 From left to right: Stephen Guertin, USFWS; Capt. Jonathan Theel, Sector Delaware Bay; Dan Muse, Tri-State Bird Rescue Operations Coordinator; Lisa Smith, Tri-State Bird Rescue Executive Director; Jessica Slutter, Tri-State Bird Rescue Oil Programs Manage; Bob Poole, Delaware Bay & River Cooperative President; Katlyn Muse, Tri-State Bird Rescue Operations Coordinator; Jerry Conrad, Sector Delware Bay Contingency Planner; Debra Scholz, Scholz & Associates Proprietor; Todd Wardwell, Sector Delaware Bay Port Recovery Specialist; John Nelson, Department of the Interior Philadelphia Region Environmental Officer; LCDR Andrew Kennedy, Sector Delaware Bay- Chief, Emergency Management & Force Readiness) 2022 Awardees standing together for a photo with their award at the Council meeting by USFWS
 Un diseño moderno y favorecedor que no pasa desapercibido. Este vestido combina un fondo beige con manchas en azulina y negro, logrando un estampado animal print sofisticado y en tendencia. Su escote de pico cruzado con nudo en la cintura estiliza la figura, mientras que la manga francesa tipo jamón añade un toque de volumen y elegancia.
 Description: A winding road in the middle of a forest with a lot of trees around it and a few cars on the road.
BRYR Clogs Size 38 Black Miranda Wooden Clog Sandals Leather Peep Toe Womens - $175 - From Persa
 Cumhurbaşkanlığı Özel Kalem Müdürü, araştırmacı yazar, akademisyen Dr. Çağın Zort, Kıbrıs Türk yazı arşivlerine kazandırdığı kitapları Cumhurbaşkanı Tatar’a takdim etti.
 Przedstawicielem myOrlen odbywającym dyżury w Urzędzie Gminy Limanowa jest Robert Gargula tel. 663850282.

◆ **Work to be completed**: Say how many lines in the data hold the string "with", and write nothing else.

◆ **Output of the task**: 2